Exceptions two and three. We propose to treat these two exceptions together. The Circuit Judge had just charged,at the request of the defendant, that "`I. One approaching a railroad crossing where gates are kept and lowered on the approach of trains does not have the right to assume when he sees the gates up that no train is approaching, but must exercise such degree of care as an ordinarily prudent man would exercise under similar circumstances, before going on the track. 30 S.E.R., 386.' Court: I charge you that, because while railway companies may place gates at those railway crossings, still when they do erect them, that does not relieve the traveling public of the necessity of exercising care when they come to a railway *Page 536 crossing. They must exercise due care, and the fact that a gate is shut at a crossing would not relieve the traveling public from listening and looking and sometimes even stopping until the train passes.

"`II. If the jury believe from the evidence that the gateman lowered the gates within a reasonable time after notice of the approach of the train and in an honest effort to prevent a collision, the defendant cannot be held responsible for the horse taking fright at the lowering of the gates, unless the jury believe from the evidence that in the mind of a person of ordinary prudence, the danger to plaintiff by reason of the lowering of the said gate under the circumstances was greater than the risk of the collision with the train.' Court: I charge that as law.

"`III. If the jury believe from the evidence that the alleged collision did not take place at a crossing, the plaintiff cannot maintain this action under 1685, 1692 Revised Statutes.' Court: I so charge you."

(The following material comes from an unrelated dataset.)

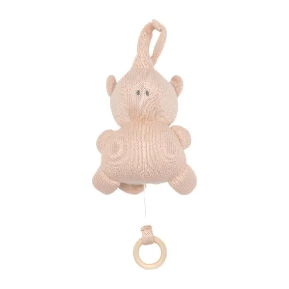 Ontdek de Bamboom Music Toy – Rhino Pink in de vorm van een neushoorn. Door aan het touwtje te trekken begint dit zachte vriendje ontspannende melodieën af te spelen, waardoor je kindje een glimlach, nieuwsgierigheid en plezier krijgen. Gemaakt van zachte en veilige materialen, stimuleert het aanraking en nieuwsgierigheid en wordt het de ideale speelkameraad. Perfect om uw baby te allen tijde te vermaken en te kalmeren..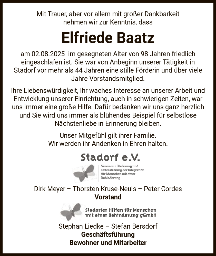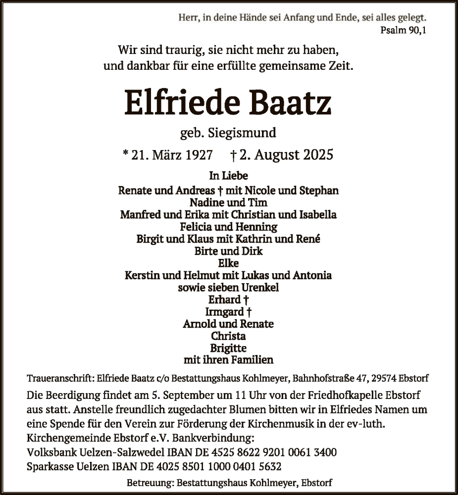 Hier finden Sie alle Traueranzeigen aus der Zeitung, die bisher für Elfriede Baatz erschienen sind. Weitere Traueranzeigen, die in der Zeitung erscheinen, werden hier ebenfalls aufgelistet

It will be observed that the modification of the request to charge was especially designed and carefully restricted to a case where a person is upon the crossing itself and only suffers himself, in an effort to avoid danger to life, to move off the crossing, in a case where the railroad has failed to give the signals and where the use of a man's senses fails to disclose danger. Within this compass we fail to see that the Circuit Judge erred. It is not the case of Kinard v. R.R. Co., 39 S.C. 517, where a man was never on the crossing at any time of the accident. Nor the case of a bystander. But it was the case of a man and his wife trying to cross the railroad over a public highway to whom no statutory signals had been given to warn them of the approach of the train running at least thirty miles an hour — the statutory danger provided against, to wit: a train without signals being given, approaching a crossing upon which there are living human creatures. The negligence of the railroad exists per se in such a case, by not giving the statutory signals. In an effort to save the railroad from the dreadful consequences of *Page 537 a collision, two human creatures a little way from the crossing, as is supposed in his request to charge, are thrown into the air by this railroad train and barely escaped with their lives. The Circuit Judge might very well have refused any charge in response to the fourth request, for he had already made plain the law. The evidence on both sides had been submitted as to the plaintiffs being on the crossing or not at the time of the collision. The jury, at the instance of the defendant, had been carried to the crossing in question, a map or diagram of the crossing in question had been before the jury. The Judge had already charged that unless the collision occurred at a crossing, the plaintiffs could not recover. Still in the charge as made we see no error. These remarks cover both exceptions. They are overruled.

It is the judgment of the Court, that the judgments of the Circuit Court be affirmed.